**REQUIRED ACTION:** Please copy the lines below, exactly as they are, from the one with "LED Light Bar" through the one with "Fig. 1 CFTE Logo", and leave out the pictures.
= = =
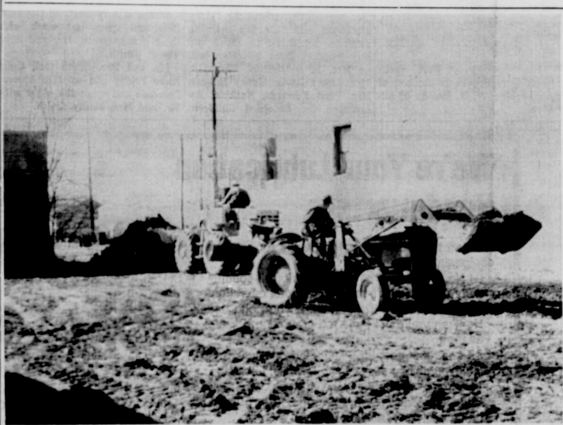
Work got underway in downtown Silverton last week on one part of the eight-point beautification program. The Young Farmers brought in some heavy equipment and with some assistance from the City, dug out an old foundation and levelled the lot between Hunt's Barber Shop and the Pool Hall where a mini-park will be built.
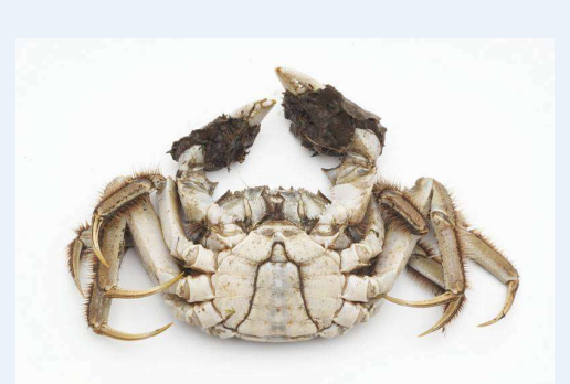
Figure 2: GB Non-native Species Secretariat © Crown Copyright

Native to Eastern Asia, first discovered in the Thames Estuary in 1935
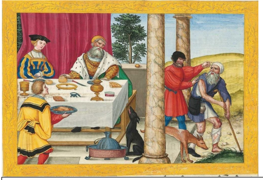
Ottheinrich Bible 1430 (III:40) The Rich Man & Lazarus Luke 16:19-31

redeemed by the passion and death of God. Why then should we stoop to love the creature? Would not that be inconsistent with the dignity to which God has exalted the human soul? Whatever we love, we love because of its power, its wisdom, or its beauty. Now what is more powerful, what is wiser, what is more beautiful, than God? All the power of earthly monarchs is from Him and is subject to Him; all human wisdom, compared with the divine, is foolishness; all creature beauty in comparison with God's is absolute deformity. (Gerhard's Sacred Meditations – IX: Loving God Alone, Repristination Press, p. 49-50)
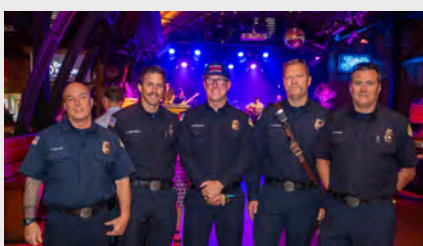
The "Bash" at The Belly Up
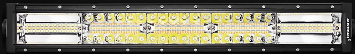
LED Light Bar
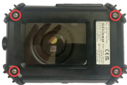
Figure 6.1 FLIR Cx5 shock absorber bolts.
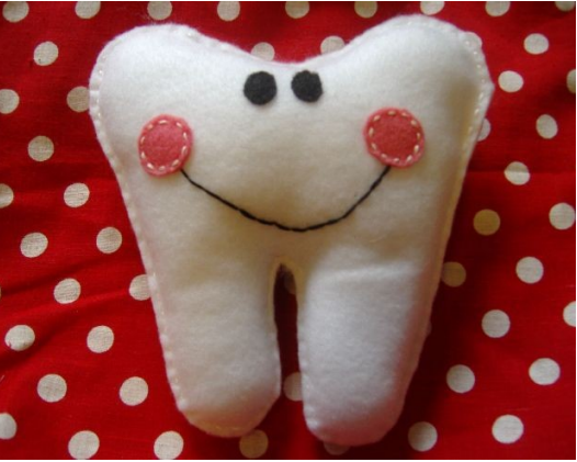
Jill Tacy - 2008 Pattern for personal use only.
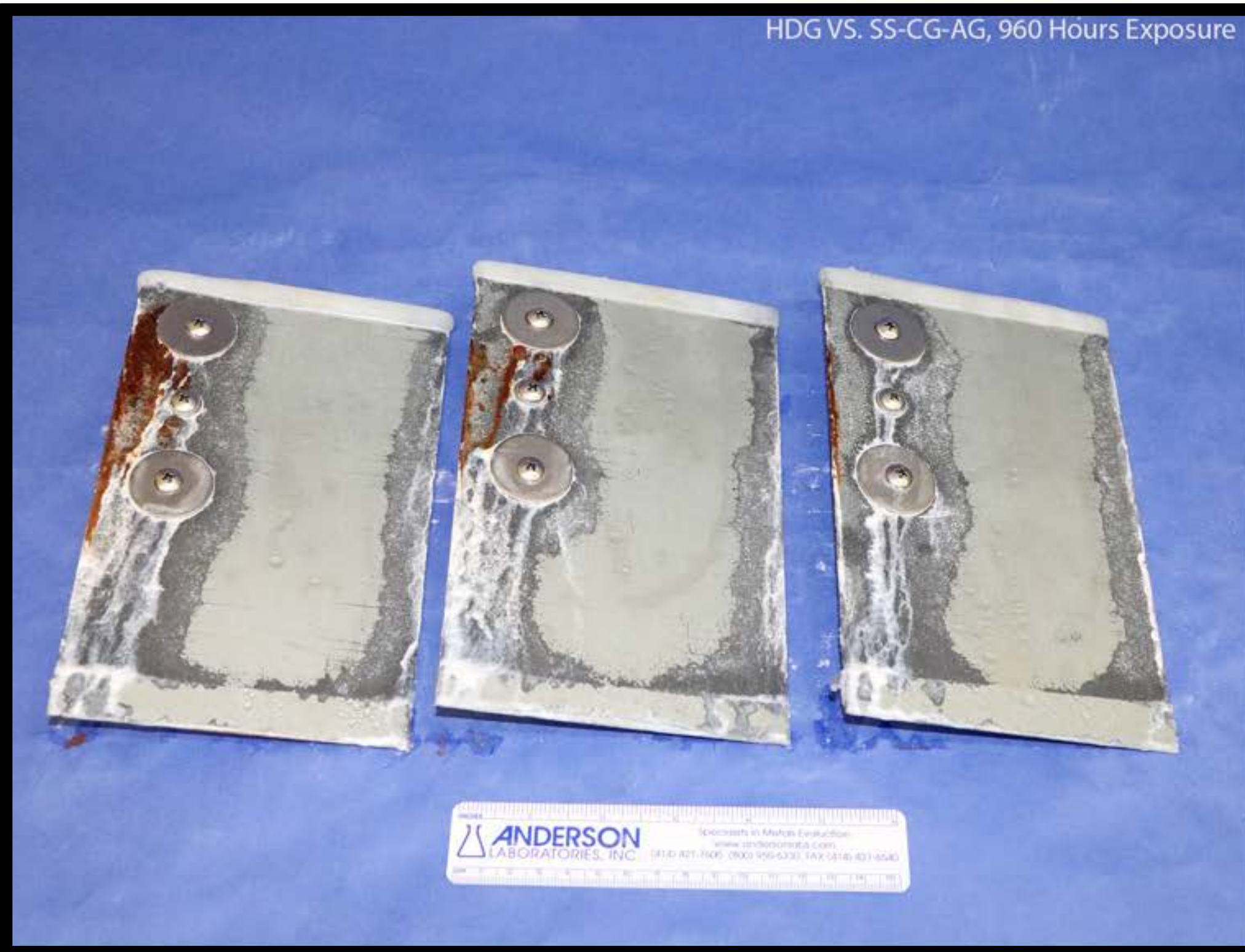
HDG VS. SS-CG-AG, 960 Hours Exposure
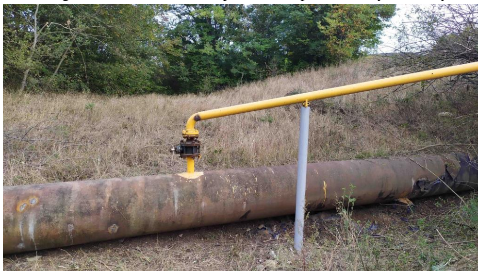
Figure 20. The Main Gas Pipeline in Stepanakert City Struck by Azerbaijan

For a few times the central and much more times local gas pipelines have been also targeted intentionally, as a result of which all the gas clients have been deprived of gas supplies, heating and hot water.
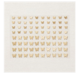
Brushed Brass Butterflies - 158136
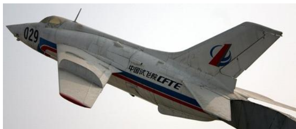
Fig. 1 CFTE Logo
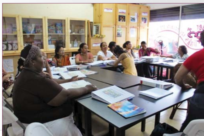
Empowering women: ending violence - Back stopping training session with women entrepreneurs in the GL office.
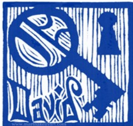
December 8 – O Key of David
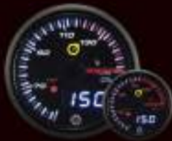
599OT (°C/°F) ELECTRICAL OIL TEMP GAUGE W/ SENSOR
= = =
**REPLY TO THE TASK:**
LED Light Bar
Figure 6.1 FLIR Cx5 shock absorber bolts.
Jill Tacy - 2008 Pattern for personal use only.
HDG VS. SS-CG-AG, 960 Hours Exposure
Figure 20. The Main Gas Pipeline in Stepanakert City Struck by Azerbaijan

For a few times the central and much more times local gas pipelines have been also targeted intentionally, as a result of which all the gas clients have been deprived of gas supplies, heating and hot water.
Brushed Brass Butterflies - 158136
Fig. 1 CFTE Logo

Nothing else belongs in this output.